Cody was right, Hunter hadn’t been trying. “Go in front then.”
“No, Death Wish, you’d be riding my ass.”
Cody wasn’t smiling. “I don’t have a death wish,” Hunter said, startled to realize his friend’s attitude wasn’t just a shtick.
“Well, I do. I’d rather die than lose to you again.”
“I didn’t realize we were racing,” he lied.
“Last night on that butte, middle of nowhere and you still wouldn’t let me win. You flew right over my head.”
“I’m sorry,” Hunter said, honestly surprised.
“‘I didn’t realize we were racing,’” Cody repeated in an effeminate whine. “Like mother, like daughter.”
“What’s that mean?”
“You think you win races because it’s not real. It’s all your fantasy, and in your head you deserve to be champion.”
“Fine, I deserve it,” Hunter heard himself say, as his fondness for his friend dissipated into the enormous emptiness.
“Let’s find out,” said Cody, pushing his way between Hunter and the cliff edge.
After Cody had vanished around a bend, Hunter stood there in a daze, straddling his bike. Emily was sick at home, thinking kind thoughts, while healthy Cody was here living out his hateful dream.
If I’m winning because I believe I ought to, then I’ll fucking win, Hunter thought in belated reply as he pushed off downhill.
He pedaled with all his might. One inch to the right as he accelerated, and he would be dead. One inch left, and he would ricochet off the cliff wall into the open air.
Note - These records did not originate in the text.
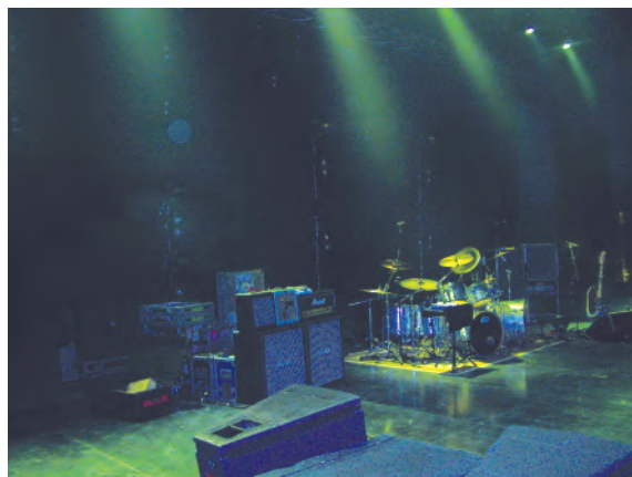
Сцена перед концертом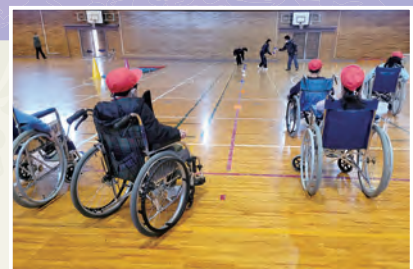
令和5年11月17日(金) しらかし台小学校にて(3学年、4学年)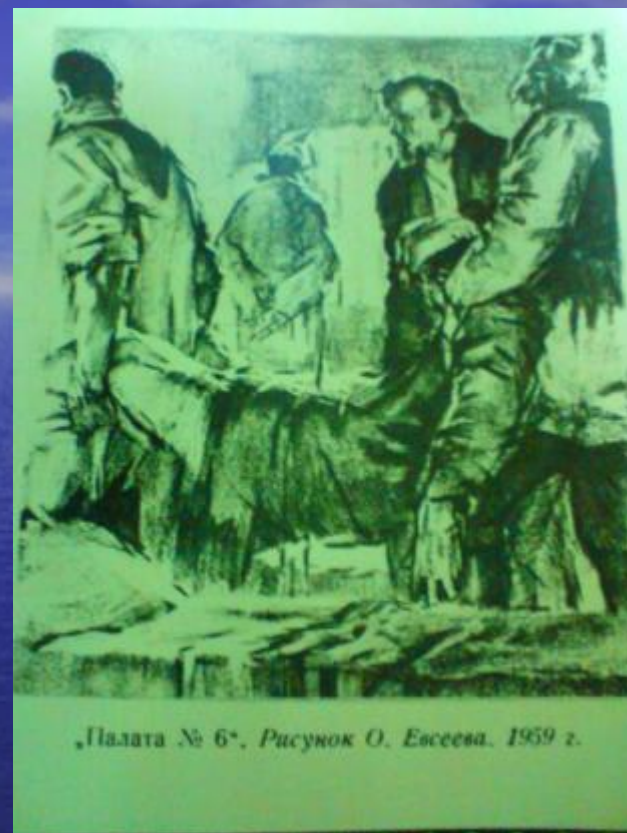
„Палата № 6“, Рисунок О. Евсеева. 1959 г.

Писатель Н. Лесков говорил: “В палате № 6” в миниатюре изображены общие наши порядки и характеры. Всюду — палата № 6. Это Россия...”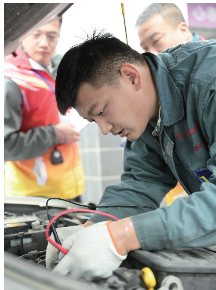
选手全神贯注、一丝不苟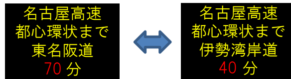
表示例) 四日市 JCT 手前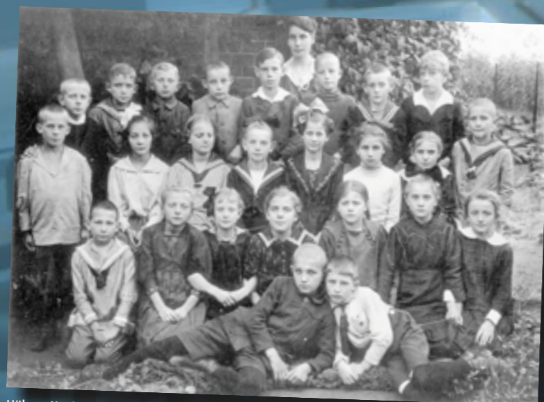
Höhere Knaben- u. Mädchenschule Lichtenrade um 1920. Aus dem Album Familie Freudenfels (heute: Ulrich-von-Hutten-Oberschule)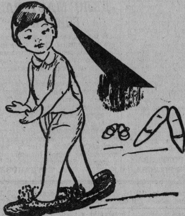
Без слов. Рис. В. Ольгина.

Красный, красный Светкин конь, Он горячий, как огонь. Только вот обидно, Что педали видно. Е. ШАПОРЕВ.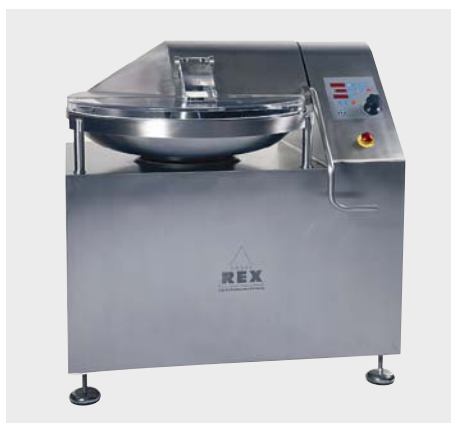
▲ ボウル容量50L、モーター11KW35A保護、インバータ15KW、重量730kg

But he was in control. He shifted to the smallest rear cog. To lean into curves was exhilarating. His whole body hovered over the chasm. He fell into a trance, exulted, breathed, put his life at risk too many times to count, until his hands were numb from the bumps and the trail petered out by a boathouse on the shore of the Colorado River.
He laid his bike on the gravel beach and stood in awe of the colored canyon wall that rose before him. Except for the rippling water, it was quiet. His thoughts about Cody seemed small to him now. No longer caring who had won, he looked toward the boathouse. Cody must be in there, intending to scare him. Let him have his moment to gloat, Hunter thought, walking over. When he shouted Cody’s name, it echoed back. He arrived at the wooden structure, reached for the door handle. As he did, the door swung wide. “Boo,” he cried out, producing a gasp from a uniformed female ranger.
She dropped the kayak she was dragging. “Help,” Hunter heard himself say as she touched a gun in its holster. Pretend to need water. I’ve wandered for days. But she noticed his bike and moved her hand onto her radio.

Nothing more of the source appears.